I hear ya. Took over for a two person practice... both old-timers. One used 1cm margins; other used NO posterior margin. Proctitis, recurrence, proctitis, recurrence...literally every patient I see in follow up. Makes you wonder how much of the hate against rad oncs by older surgeons and med oncs is justified....

Second this. Where I trained, I almost never saw proctitis or recurrence. Went to another practice where an old timer retired (7560 cGy IMRT no IGRT), and same thing :eek:
 
Ive sim'ed a prostate guy 3 times now, enema'd him, put him on stool softners/laxatives and even mag citrate etc. But he keeps on having air throughout the rectum right behind prostate. The best Ive gotten is 4cm of air. He has fiducials in. What do you do?
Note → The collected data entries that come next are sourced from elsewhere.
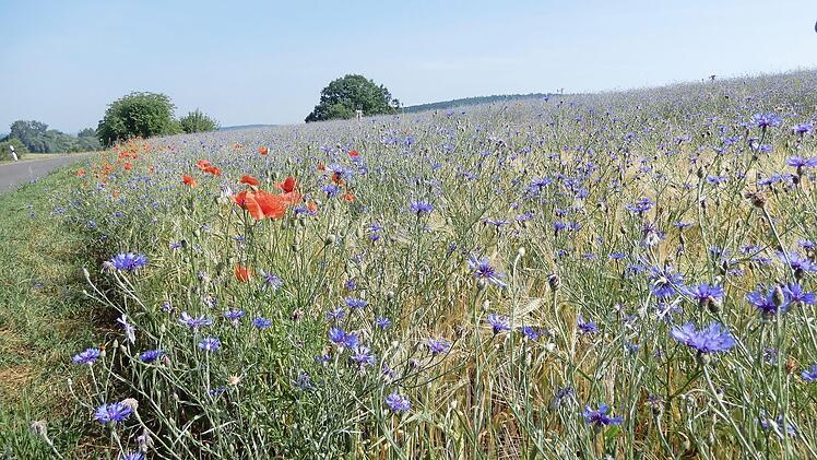 Wer in diesen Tagen von Ebern nach Lind auf der Gemeindestraße kommt, entdeckt auf einem großen Feld kurz vor dem Rentweinsdorfer Gemeindeteil fast so etwas wie ein Naturwunder. Linker Hand fällt dem aufmerksamen Betrachter ein riesiges Feld mit Kornblumen auf. Das Feld erhält durch den dort zusätzlich scharlachrot blühenden Klatsch-Mohn ein tolles Gepräge. Für alle Natur- und Blumenfreunde ein herrlicher Anblick. Dabei macht die angesäte Gerste nur einen ganz geringen Teil im Feld aus. Die bearbeitende Familie, die Landwirtschaft im Nebenerwerb betreibt, nimmt es gelassen: So haben die Vorbeifahrenden ihre Freude und Bienen und Insekten entsprechende Nahrung. Foto: Horst Schneider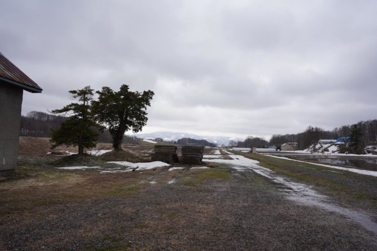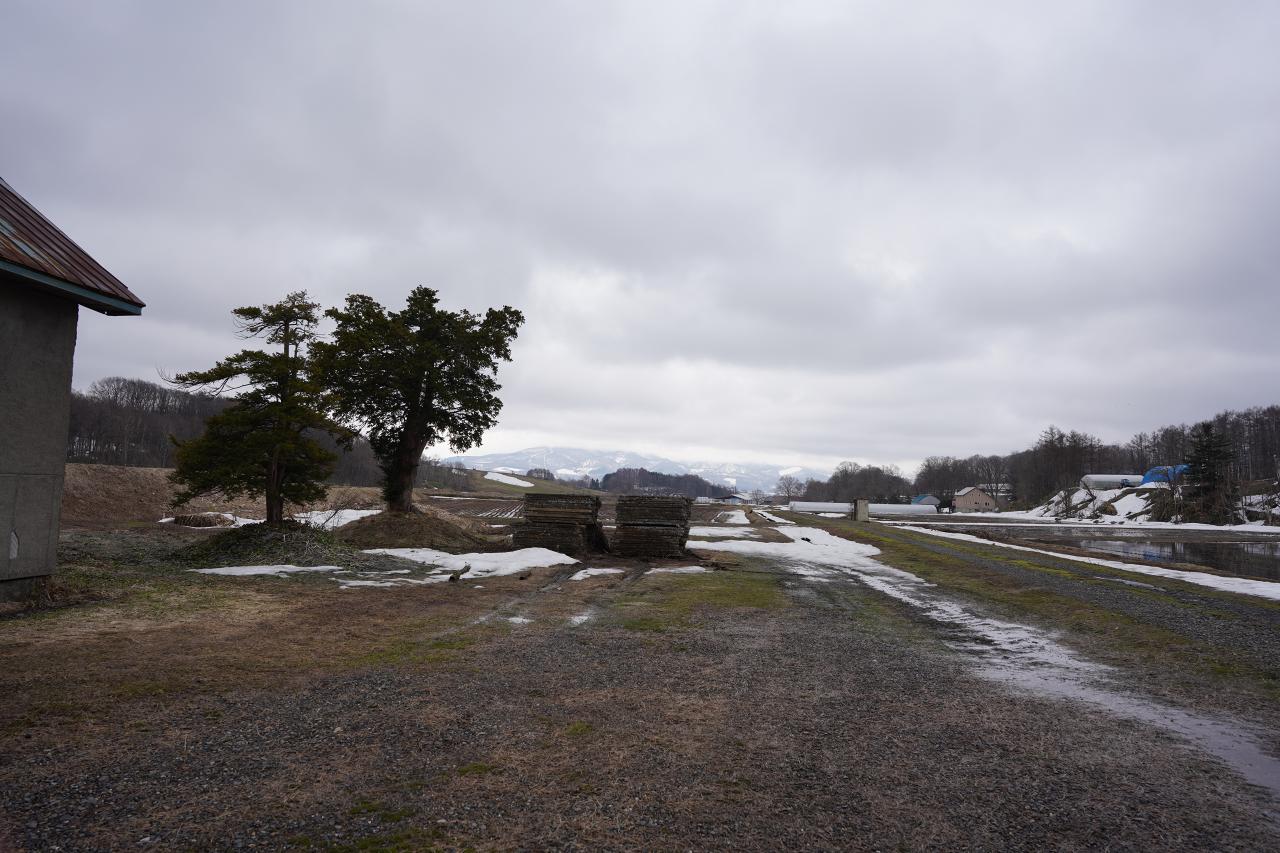 深名線が走っていたのは奥に見える林の手前あたり。雪が積もっていて近くまではいけそうにありませんでした。よくよく考えると、こんな雪のあるシーズンに廃線を辿るのは間違ってる気がする。
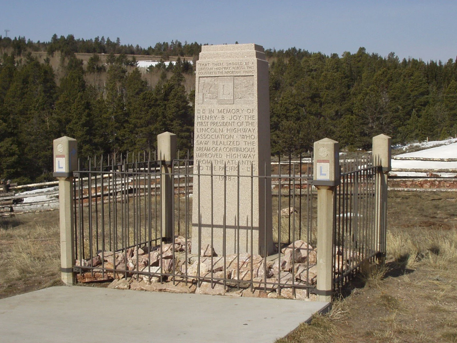 Caption: Adjacent to the Lincoln Monument nine miles east of Laramie, this monument at the Summit Rest Stop on Interstate 80 reads: “In memory of Henry B. Joy, the first president of the Lincoln Highway Association, who saw realized the dream of a continuous improved highway from the Atlantic to the Pacific.” Henry Joy did live to see the Lincoln Highway completed and nearly all paved from coast-to-coast. The monument was erected by Joy’s family in 1939 at a spot he loved along the Lincoln Highway (now near I-80 exit 184 in the Continental Divide Basin). It was where he had asked to be buried, with a 20 mile view in all directions. Joy was not buried there by his Detroit family when he died in 1936, but his wishes were honored with the monument at that site. Much later, the Wyoming Department of Transportation moved it to this site, and surrounded it with a fence and four concrete posts replicating the original Lincoln Highway markers. Photo courtesy of Judy Knight

Can you plan it and treat?
 
Ive sim'ed a prostate guy 3 times now, enema'd him, put him on stool softners/laxatives and even mag citrate etc. But he keeps on having air throughout the rectum right behind prostate. The best Ive gotten is 4cm of air. He has fiducials in. What do you do? Can you plan it and treat?

Seems consistent, you tried. If you have CBCT and fiducials, use that and beam on! Maybe go to 77 instead of 79 if that helps you sleep a little easier.
 
I believe the rtog study looking at hypoFx (70/28) had a 0.4 cm posterior margin. I think 0.4-0.6 cm is what most people are using these days with daily igrt (either kv with fiducials or cbct)
RTOG 0415 required 4-10mm CTV to PTV margin. Non-uniform margins allowed but not required.Median overall was 7mm; median posterior was 5mm
 
If it really is just air and not stool, if you wanted to and haven't tried yet, you could use a red rubber catheter before sim which I've found to be effective in relieving air pockets. Sometimes we cut multiple holes in the end to aid in accessing the air.

However, at this point you would definitely not be wrong to move forward with planning, given you will be using IGRT and have done due diligence. I would consider not skimping on the posterior PTV expansion. Also, you could have your dosimetrist identify the gas pocket and assign a tissue density halfway between air and water as sometimes a huge air pocket can create some weird planning phenomena and this may give you something closer to day to day reality. I will say I have no idea if there is any actual true value to this, and the counterargument is that you should just plan it as air as that is how it's been showing up on 3 consecutive sims.